Blocking the formation and invasive growth of pannus and its secretion of inflammatory cytokines and MMPs is important for treating rheumatoid arthritis.

UNASSIGNED

Anti-arthritic activity of Aralia continentalis Kitag., an oriental herbal medicine, and the underlying mechanisms involved were investigated.

METHODS

Anti-inflammatory and anti-nocicpetive activities of the ethanolic extract (50% v/v) of Aralia continentalis Kitag. harvested from Imsil, Korea (ACI) were investigated in IL-1β-stimulated human fibroblast-like synoviocyte (FLS) cells and rodent models of collagen-induced polyarthritis and carrageenan-induced acute paw pain.

METHODS

In IL-1β-stimulated FLS cells derived from rheumatoid arthritis patients, the anti-inflammatory activity of ACI was examined by analyzing the expression levels of inflammatory mediators such as TNF-α, IL-6, IL-8, MMP-1, MMP-3, MMP-13, PGE2, and COX-2 using ELISA and RT-PCR analysis. The anti-arthritic activity of ACI was investigated by measuring body weight, squeaking score, paw volume, and arthritis index in collagen-induced polyarthritis mice.

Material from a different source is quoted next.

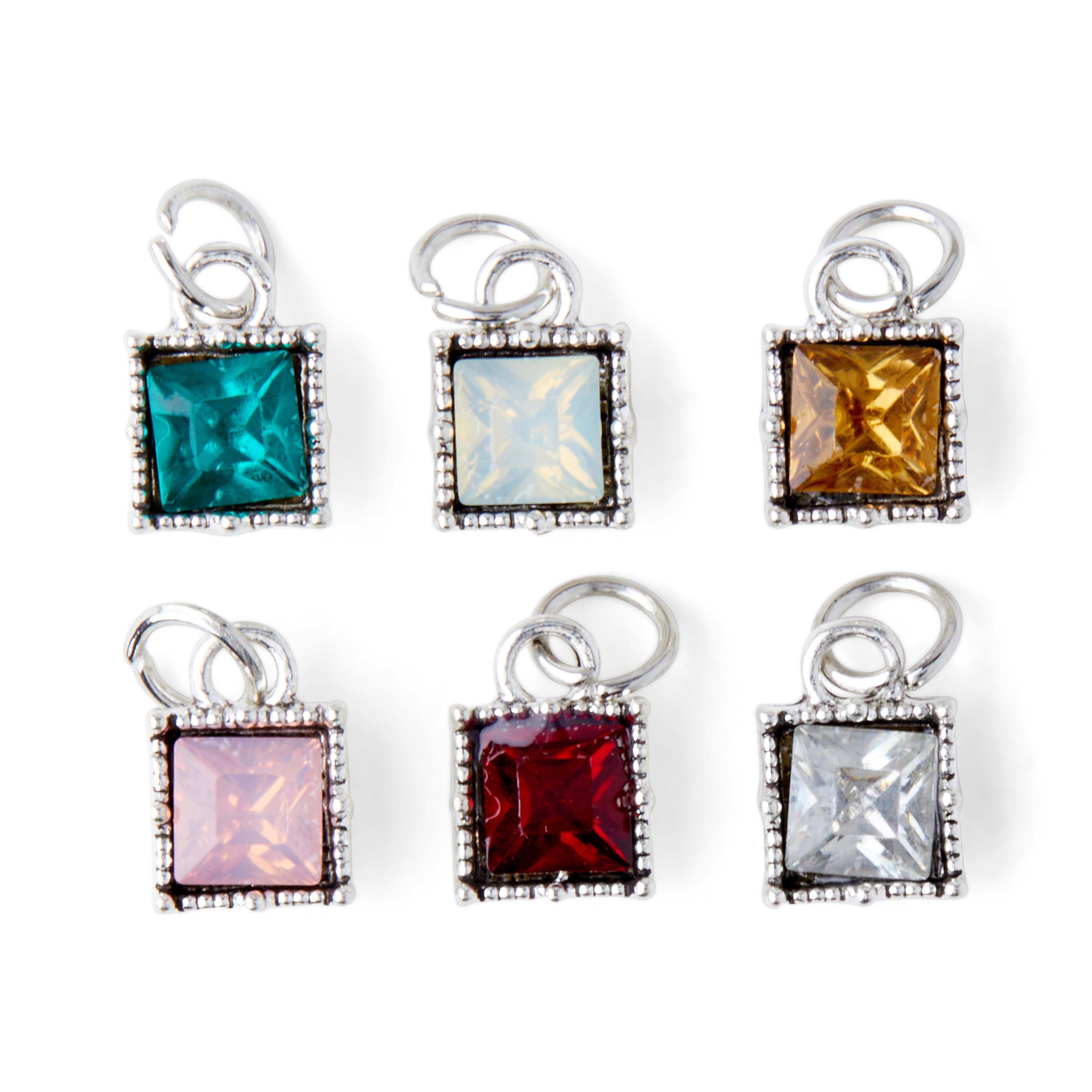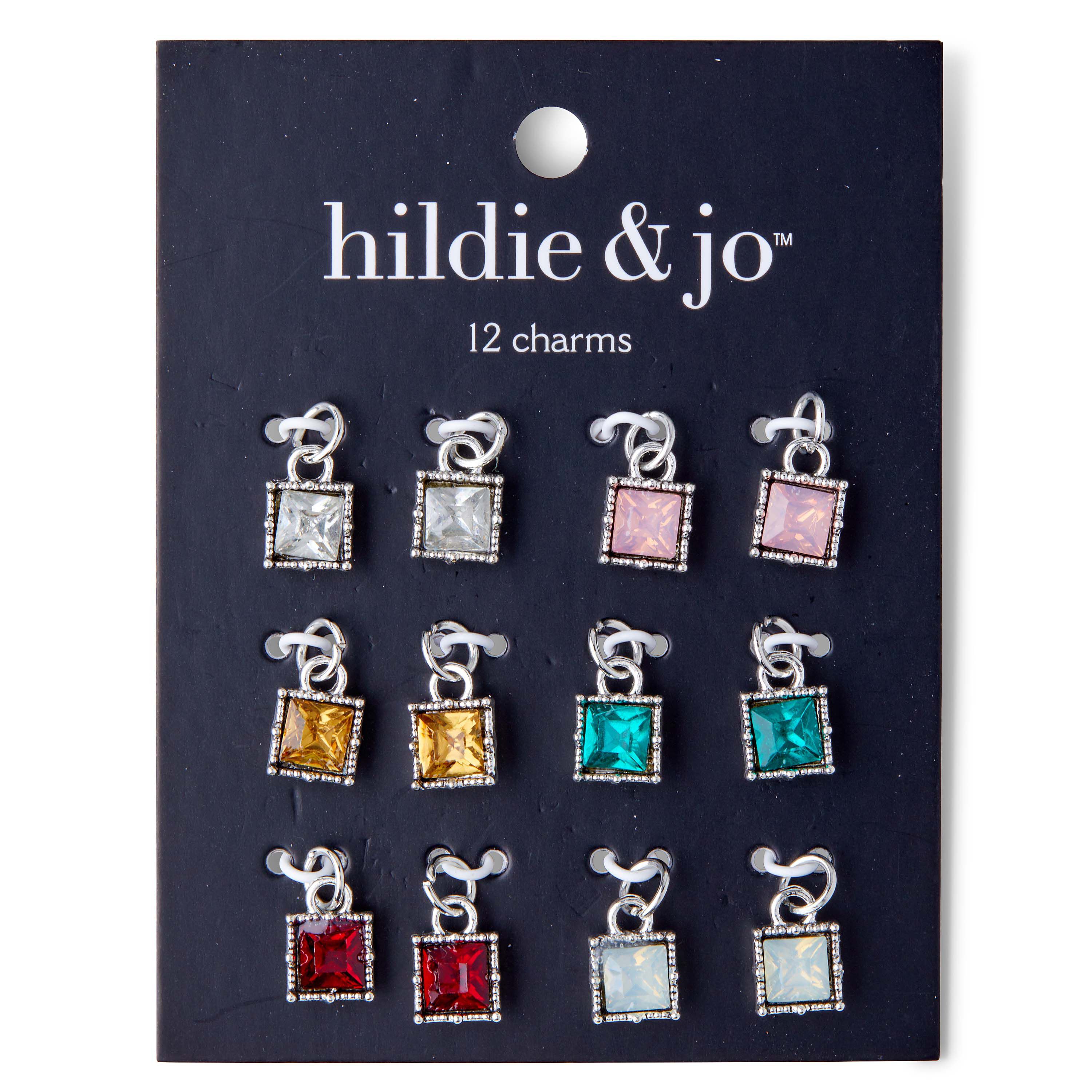 Add a dash of twinkling charm to your jewelry with the hildie & jo Symbolize Zinc Alloy & Glass Square Charms. These sparkly glass charms come in a set of 12, including two each of six colors.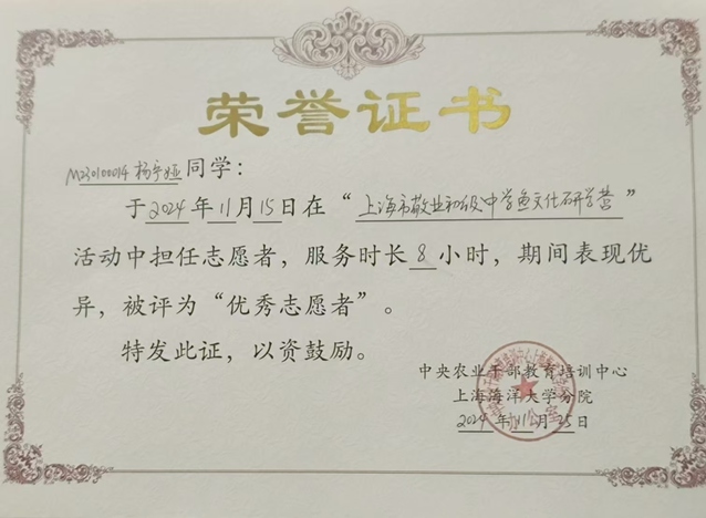 除了学业上的优异表现,她还热衷于参与各种社会实践活动。在过去的一年里,她参与了包括上海马拉松、迎新生活动、无偿献血活动在内的多项志愿服务,深刻体会到了帮助他人所带来的快乐和价值。在每一项活动中,她都全力以赴,贡献自己的力量。此外,她还积极参与学校组织的文体活动,这些经历不仅锻炼了她的组织协调能力,也进一步坚定了她的社会责任感和使命感。

The anti-nociceptive activity of ACI was examined in the paw-pressure test and Tail-flick latency test in rats.

RESULTS

The ethanolic extract (50% v/v) of ACI reduced the levels of TNF-α, IL-6, IL-8, MMP-1, and MMP-13 secreted by IL-1β-stimulated FLS cells, whereas MMP-3, COX-2, and PGE2 were not significantly affected. ACI inhibited the migration of NF-κB into the nucleus through the inhibition of ERK- and JNK-dependent MAP kinase pathways in IL-1β-stimulated FLS cells. In collagen-induced polyarthritis mice, oral administration of ACI extract (200 mg/kg) significantly alleviated arthritic behaviors. Histological observations of arthritic mouse knees were consistent with their behaviors. The anti-arthritic and anti-inflammatory activities of 200 mg/kg ACI extract were comparable to those of 10 mg/kg prednisolone when administered to mice. However, ACI administration did not significantly affect carrageenan-induced hyperalgesia or thermal nociception in rats.

CONCLUSIONS

These results suggest that the ethanolic extract of ACI have significant anti-inflammatory and anti-arthritic effects in a rodent arthritis model and in IL-1β-stimulated FLS cells. Thus, ACI may be a useful candidate for developing pharmaceuticals or dietary supplements for the treatment of inflammatory arthritis.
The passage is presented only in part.